Leave the images aside and copy out the whole listing, exact to the word.

# [Data section]
---
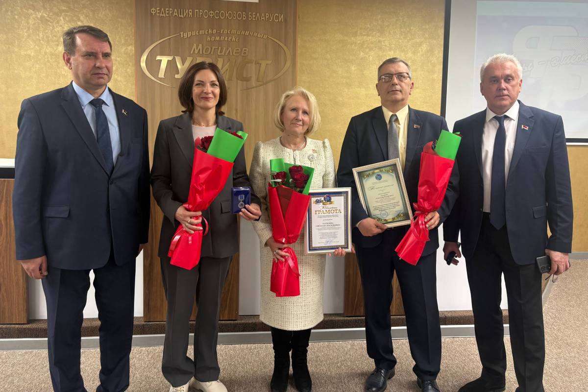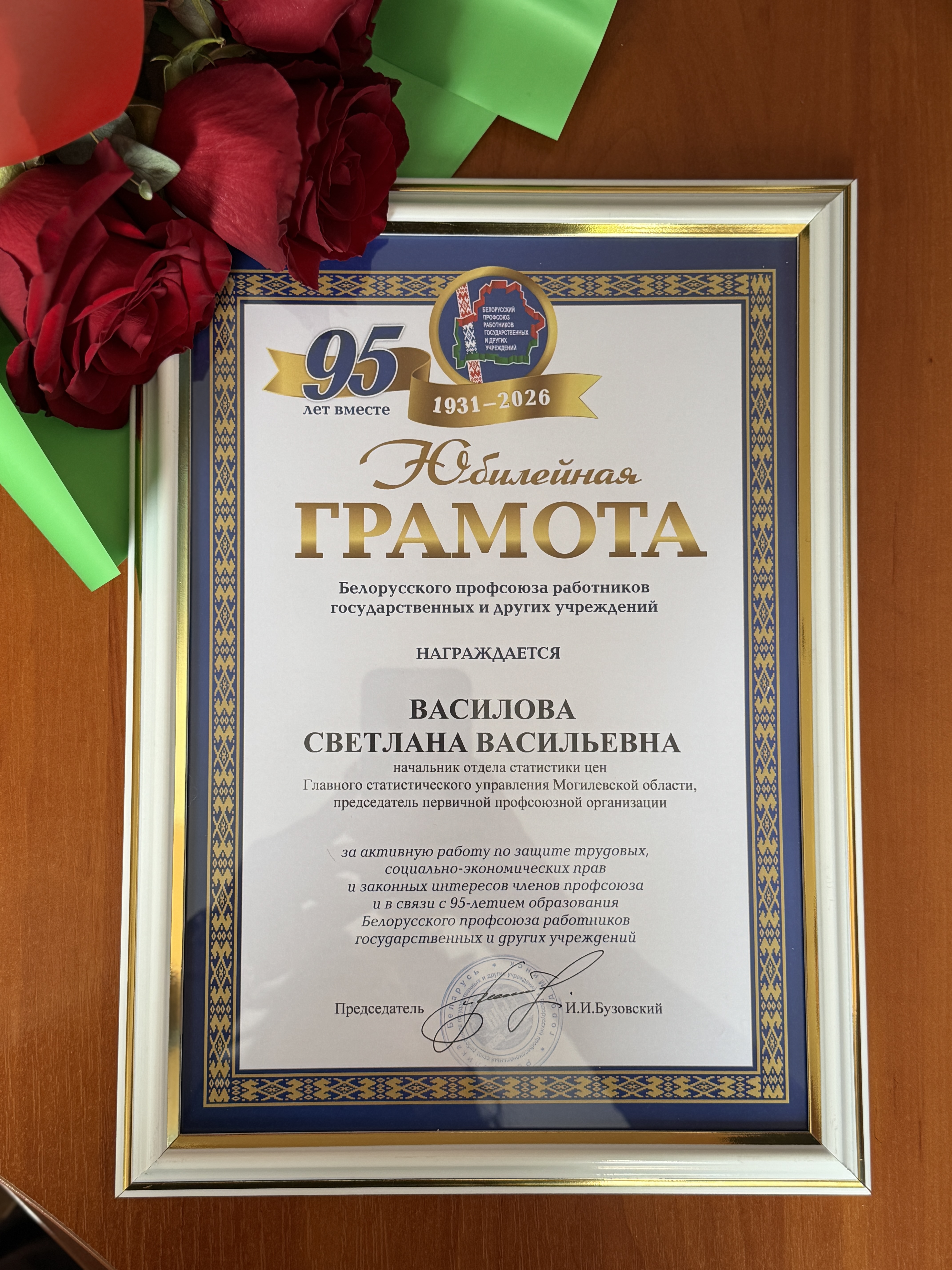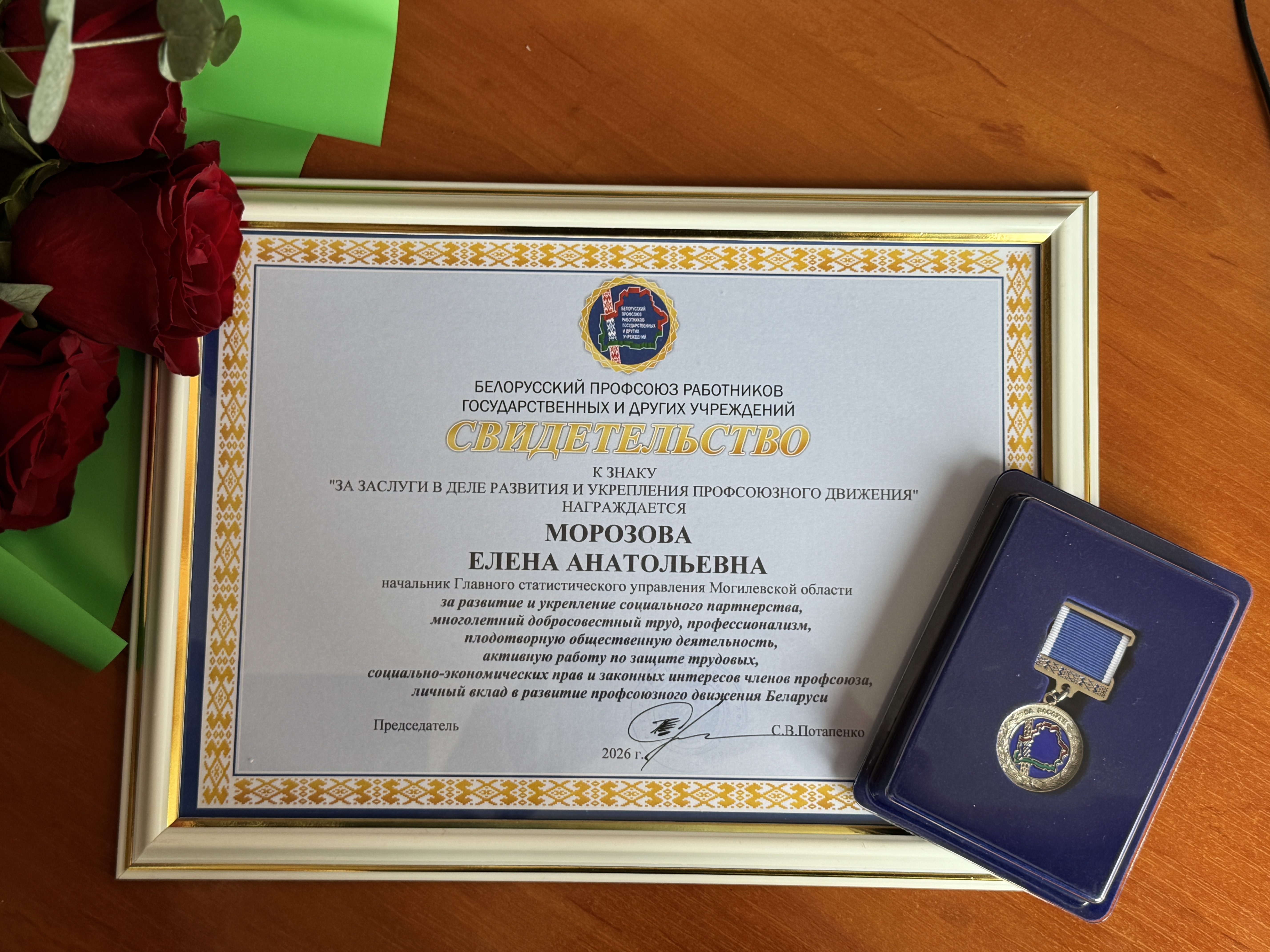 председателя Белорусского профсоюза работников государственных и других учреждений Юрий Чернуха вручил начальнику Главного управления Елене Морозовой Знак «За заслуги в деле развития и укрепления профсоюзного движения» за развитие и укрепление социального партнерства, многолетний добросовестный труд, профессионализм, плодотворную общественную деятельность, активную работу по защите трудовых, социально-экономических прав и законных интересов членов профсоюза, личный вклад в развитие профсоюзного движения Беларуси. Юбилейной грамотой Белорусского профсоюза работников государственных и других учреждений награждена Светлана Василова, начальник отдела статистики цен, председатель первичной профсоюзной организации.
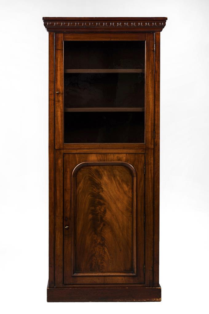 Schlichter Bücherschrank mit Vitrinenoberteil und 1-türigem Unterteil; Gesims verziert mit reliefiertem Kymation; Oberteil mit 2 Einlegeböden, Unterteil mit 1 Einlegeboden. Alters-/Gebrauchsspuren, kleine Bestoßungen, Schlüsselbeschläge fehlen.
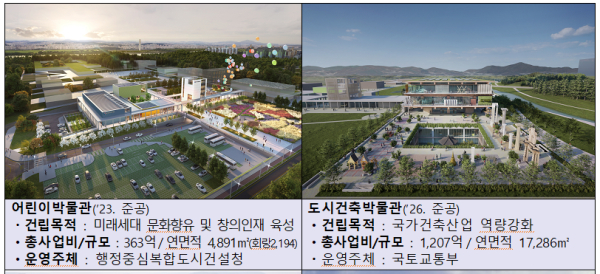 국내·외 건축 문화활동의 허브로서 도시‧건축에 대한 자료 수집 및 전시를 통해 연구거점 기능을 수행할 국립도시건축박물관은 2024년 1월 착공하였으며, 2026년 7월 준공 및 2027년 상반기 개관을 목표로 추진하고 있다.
---
# [Solution for this problem]
 председателя Белорусского профсоюза работников государственных и других учреждений Юрий Чернуха вручил начальнику Главного управления Елене Морозовой Знак «За заслуги в деле развития и укрепления профсоюзного движения» за развитие и укрепление социального партнерства, многолетний добросовестный труд, профессионализм, плодотворную общественную деятельность, активную работу по защите трудовых, социально-экономических прав и законных интересов членов профсоюза, личный вклад в развитие профсоюзного движения Беларуси. Юбилейной грамотой Белорусского профсоюза работников государственных и других учреждений награждена Светлана Василова, начальник отдела статистики цен, председатель первичной профсоюзной организации.
 Schlichter Bücherschrank mit Vitrinenoberteil und 1-türigem Unterteil; Gesims verziert mit reliefiertem Kymation; Oberteil mit 2 Einlegeböden, Unterteil mit 1 Einlegeboden. Alters-/Gebrauchsspuren, kleine Bestoßungen, Schlüsselbeschläge fehlen.
 국내·외 건축 문화활동의 허브로서 도시‧건축에 대한 자료 수집 및 전시를 통해 연구거점 기능을 수행할 국립도시건축박물관은 2024년 1월 착공하였으며, 2026년 7월 준공 및 2027년 상반기 개관을 목표로 추진하고 있다.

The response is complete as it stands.